I have Dell Inspiron 1525 laptop that runs Windows Vista. It has a slot to insert GSM SIM card. I heard from my friends that it is there to let users utilize GPRS or 3G that may be activated on the cell phone connection. However instinctively I feel that I should be able to use my computer as a full featured phone that uses the cell phone connection through the SIM card. However, I could not find any clear information about how to do it. I have three questions below -
1. How to use it to connect to internet? GPRS is enabled on my cell phone connection and can access internet using my phone, but could not figure out steps to instruct computer to actually use the SIM to connect to internet.
2. How to use it to call external telephones? I am not expecting VOIP through GPRS, 3G using providers like skype that would work if question 1 is answered. I am asking about how to call using free or paid minutes as part of my cell phone connection.
3. How to use it to SMS to external telephones.

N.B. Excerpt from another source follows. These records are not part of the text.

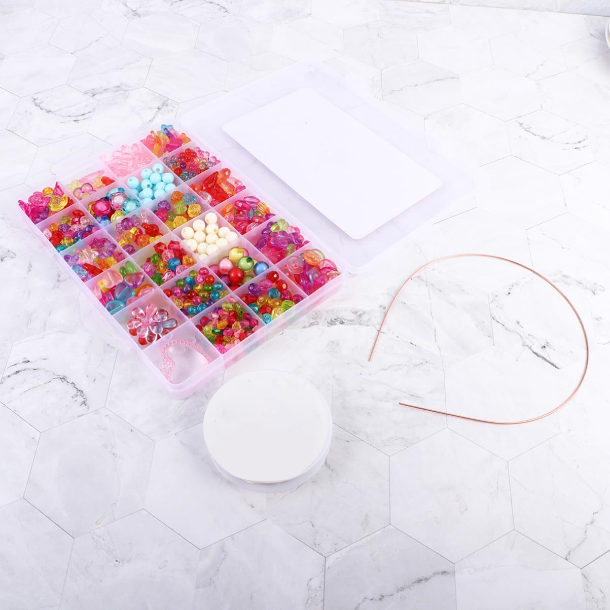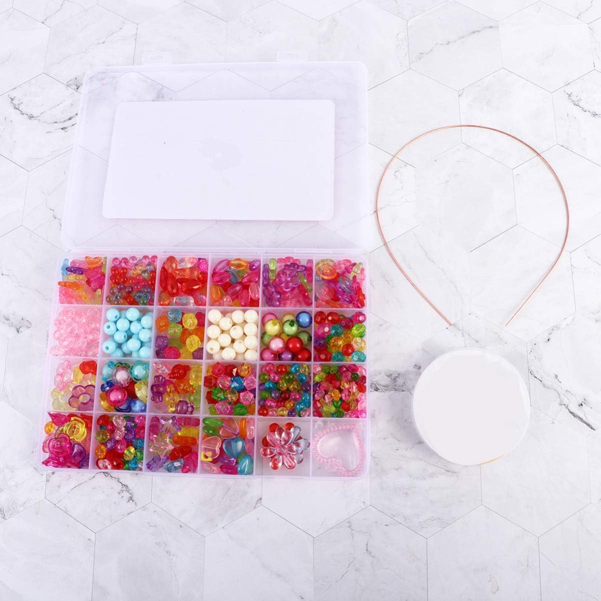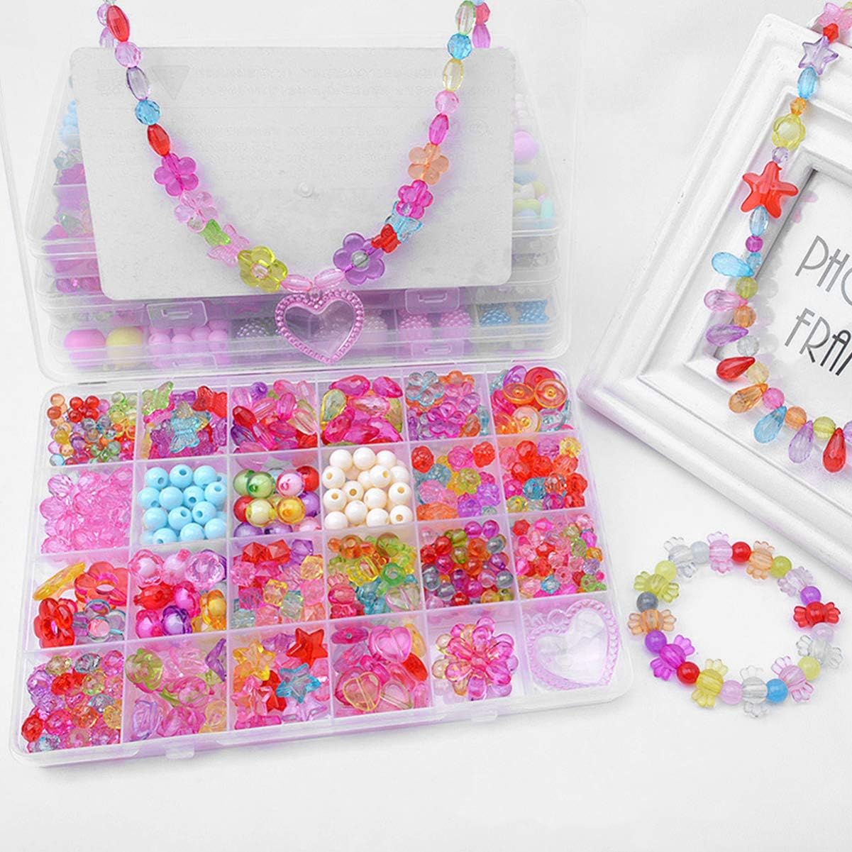 Giocattoli con perline per bambini: il design colorato lo rende più attraente per i bambini, a loro piacerà molto. Giocattoli per bambini per ragazze: realizzato in materiale acrilico, questo giocattolo con perline è sicuro e durevole nell'uso da dei bambini. Perline colorate per bambini: questo giocattolo con perline fai da te è un regalo perfetto per i tuoi bambini, saranno molto felici di ricevere questo regalo. Kit per creare gioielli per bambini: ci sono molti tipi di parti decorative, che possono far sì che tuo figlio faccia ciò che desidera più facilmente. Perline colorate: giocare con questo giocattolo con perline può migliorare l'abilità pratica dei bambini, allenando la loro creatività e il pensiero logico.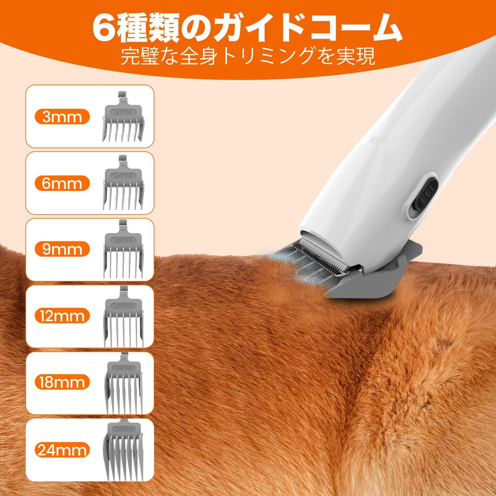 99%の抜け毛を吸い込む:犬 バリカン部品は、トリミングする同時に一気に剃った毛をダストカップに吸引し、掃除する必要がないです。全身カット用ブレードと細部ブレードとガイド櫛が付いており、必要によってスムーズな作業ができます。グルーミングブラシとすきブラシはブラッシングする同時にワンタッチで抜け毛を99%吸い込みます。他に掃除機用ブラシと吸い込みツールまであって家と服の掃除までできます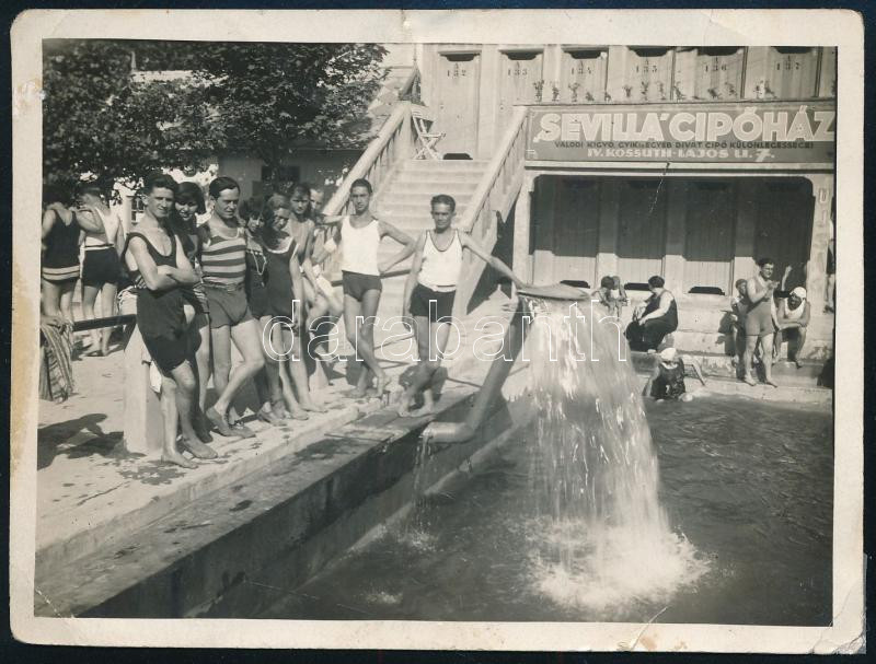 Leírás: 1928 Budapest, csillaghegyi strand reklámmal, fotó, 9×12 cm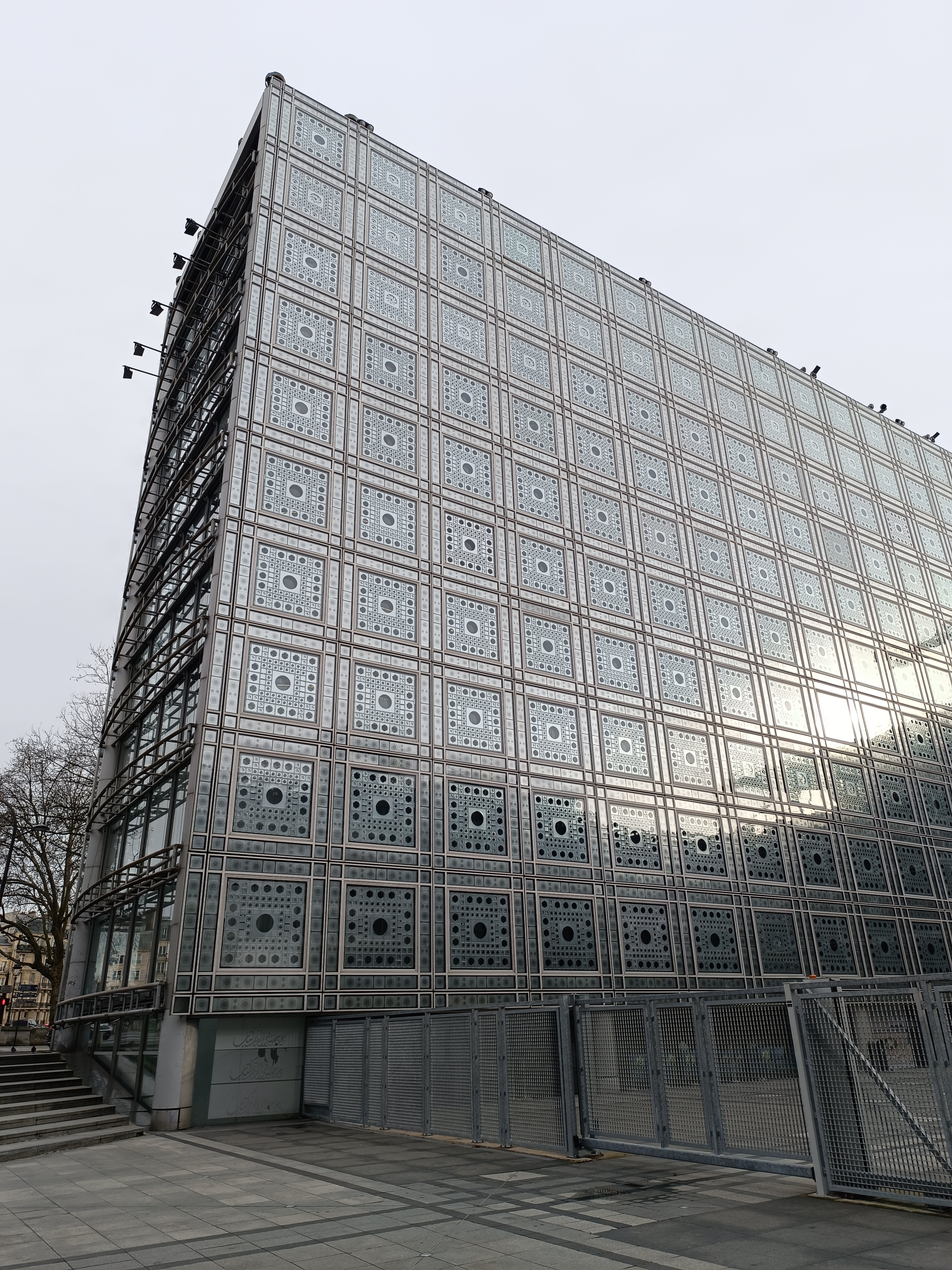 Questo è quello che fa anche Jean Nouvel nel suo progetto: prende un elemento dell’architettura araba tradizionale, i musharabia – paraventi in legno intarsiati che regolano l’ingresso della luce all’interno degli ambienti – e li traduce in motivi altamente tecnologici in alluminio con la stessa funzione, che regolano l’ingresso della luce nella grande facciata in vetro che si affaccia sul grande spiazzo d’ingresso.

Any help is highly appreciated. Thanks in advance.

Thanks,
Shashi


----------



## pip22 (Aug 22, 2004)

The SIM card slot is for data services only (ie internet, not calls or texts).
To use it for internet access on your laptop you also need WWAN (wireless wide area network) card supported by one of the broadband cell providers that uses GSM-GPRS-HSPDA.


----------



## shashigokhale (Apr 18, 2012)

> Orginally Posted by *pip22* The SIM card slot is for data services only (ie internet, not calls or texts).
> To use it for internet access on your laptop you also need WWAN (wireless wide area network) card supported by one of the broadband cell providers that uses GSM-GPRS-HSPDA


I think that if my laptop (Dell Inspiron 1525) has a slot to insert SIM card, it must have inbuilt WWAN card. Is this understanding incorrect?


----------



## Tikuf (Mar 5, 2010)

shashigokhale said:


> >> The SIM card slot is for data services only (ie internet, not calls or texts).
> To use it for internet access on your laptop you also need WWAN (wireless wide area network) card supported by one of the broadband cell providers that uses GSM-GPRS-HSPDA
> 
> I think that if my laptop (Dell Inspiron 1525) has a slot to insert SIM card, it must have inbuilt WWAN card. Is this understanding incorrect?


It means that your laptop physicly unable to send a proper signal to make a call or sms, its limited to data only. That said there is nothing stopping useing something like skype or google talk while using your data.

Also worth noting, even if the card and laptop could send a proper signal, most carries will give that a special phone number that's never setup to accept calls on the carrier level because its for data only.


----------



## Donk1952 (May 7, 2012)

I use a laptop with my Orange mobile phone SIM in it.
I can browse the internet, send and recieve texts and emails, in fact everything except make or recieve phone calls.
To get it working on my Advent XP PC I had to enable something called HSPA, and find and open a program called "Connection Manager" which came with the PC


----------



## sobeit (Nov 11, 2007)

> this model contains a SIM card slot underneath the battery compartment. However reading data, or using Internet from SIM cards is not possible without a separate Wireless modemcard. .


Dell Inspiron 1525 - Wikipedia, the free encyclopedia


----------